= Beginning of Section =

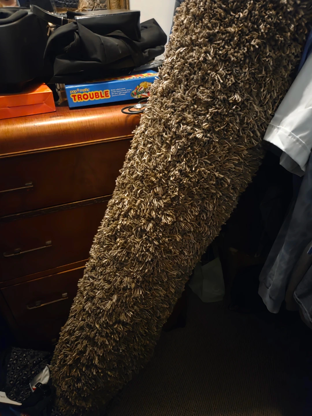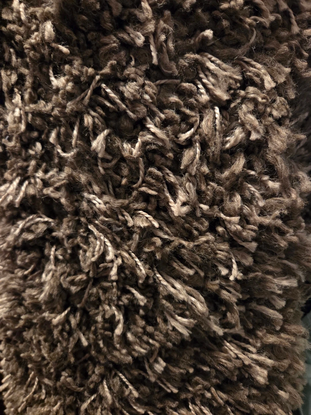 Cozy shag rug in a rich brown colour. It's soft and textured, perfect for adding warmth to any room. The shaggy pile is deep and inviting! A great way to make a space feel more comfortable. From Costco..
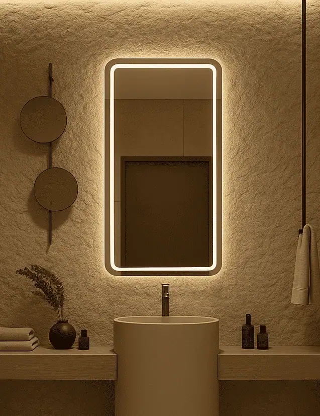 Kolekcja ARK line to eleganckie lustro LED o prostokątnym kształcie z subtelnie zaoblonymi rogami, zaprojektowane z myślą o nowoczesnych i ponadczasowych wnętrzach. Delikatna linia światła tworzy nastrojową poświatę, która podkreśla fakturę ściany i nadaje przestrzeni wyjątkowej głębi.
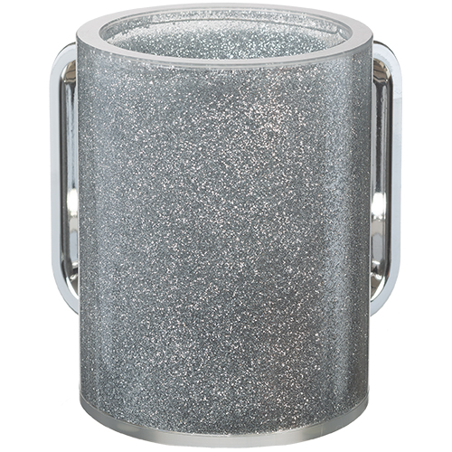 נטלה אקריליק מהודרת שקופה עם גליטר כסף וידיות זהב 13 ס"מ
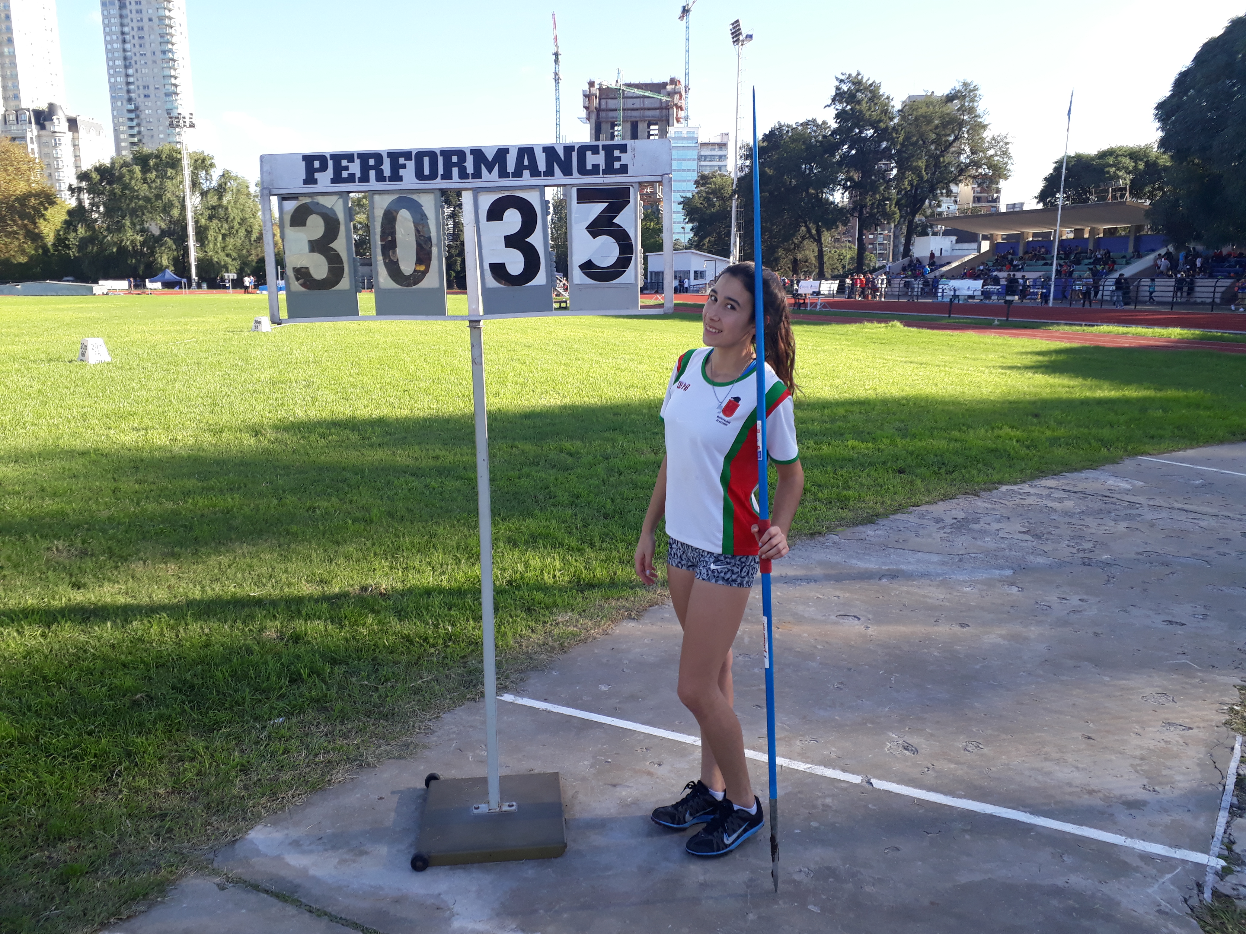 Con una marca de 30.33 metros, la atleta de la Escuela Municipal de Navarro, entrenada por el Profesor y Entrenador de la Federación Internacional de Atletismo, Damián de la Fuente, logró quedar 1ra en el ránking del lanzamiento de la jabalina de la provincia de Buenos Aires, en la categoría U18.
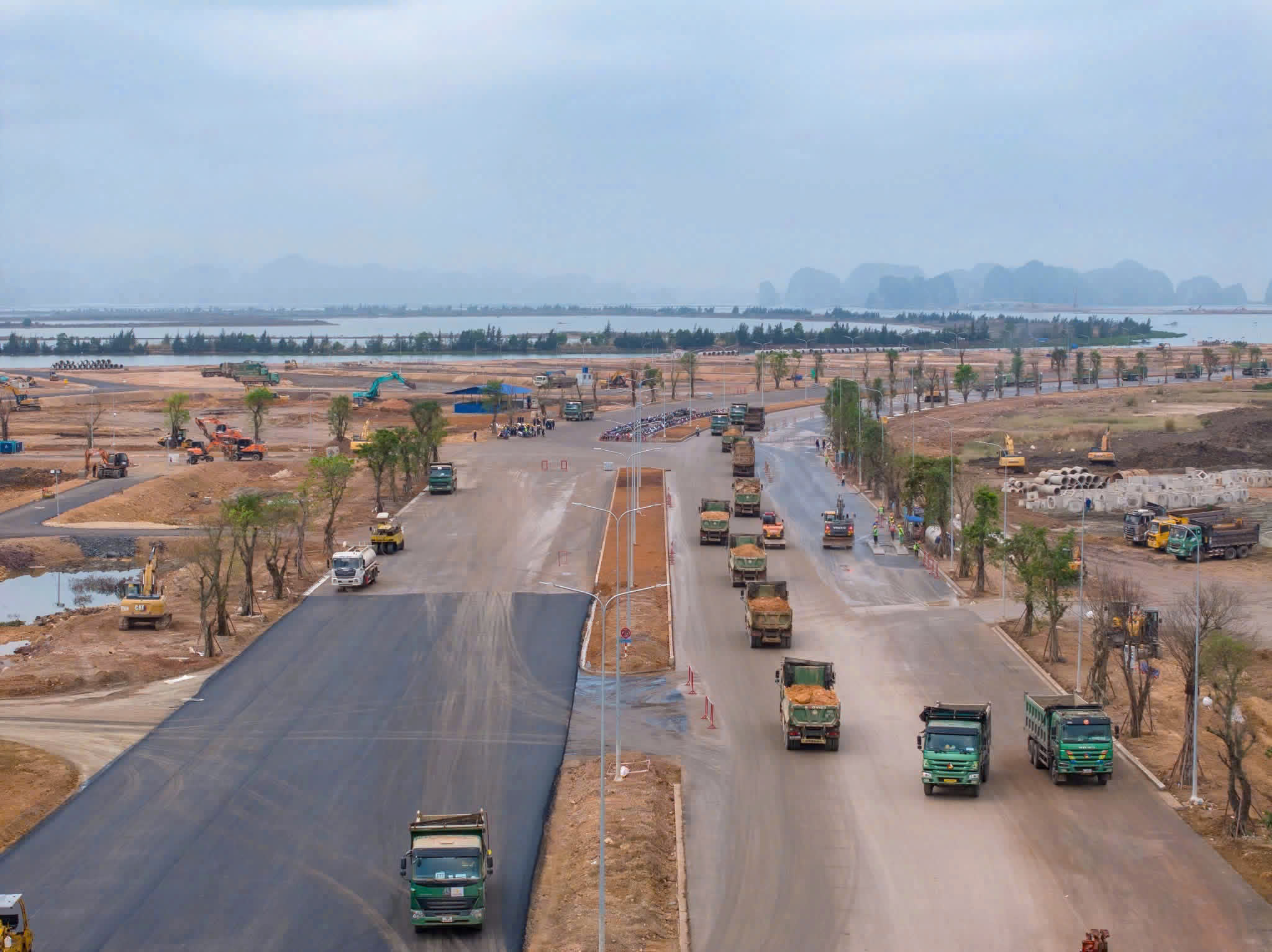 Dự án đang tiến triển mạnh mẽ với sự hỗ trợ của nhiều thiết bị xây dựng tối tân, sẵn sàng hình thành khu đô thị xanh bên vịnh Hạ Long tiến độ 3 ca 4 kíp đúng cam kết đưa ra

= End of Section =

▸ YOUR OBJECTIVE
Return every line above word for word, minus images.

▸ RESPONSE BOX
 Cozy shag rug in a rich brown colour. It's soft and textured, perfect for adding warmth to any room. The shaggy pile is deep and inviting! A great way to make a space feel more comfortable. From Costco..
 Kolekcja ARK line to eleganckie lustro LED o prostokątnym kształcie z subtelnie zaoblonymi rogami, zaprojektowane z myślą o nowoczesnych i ponadczasowych wnętrzach. Delikatna linia światła tworzy nastrojową poświatę, która podkreśla fakturę ściany i nadaje przestrzeni wyjątkowej głębi.
 נטלה אקריליק מהודרת שקופה עם גליטר כסף וידיות זהב 13 ס"מ
 Con una marca de 30.33 metros, la atleta de la Escuela Municipal de Navarro, entrenada por el Profesor y Entrenador de la Federación Internacional de Atletismo, Damián de la Fuente, logró quedar 1ra en el ránking del lanzamiento de la jabalina de la provincia de Buenos Aires, en la categoría U18.
 Dự án đang tiến triển mạnh mẽ với sự hỗ trợ của nhiều thiết bị xây dựng tối tân, sẵn sàng hình thành khu đô thị xanh bên vịnh Hạ Long tiến độ 3 ca 4 kíp đúng cam kết đưa ra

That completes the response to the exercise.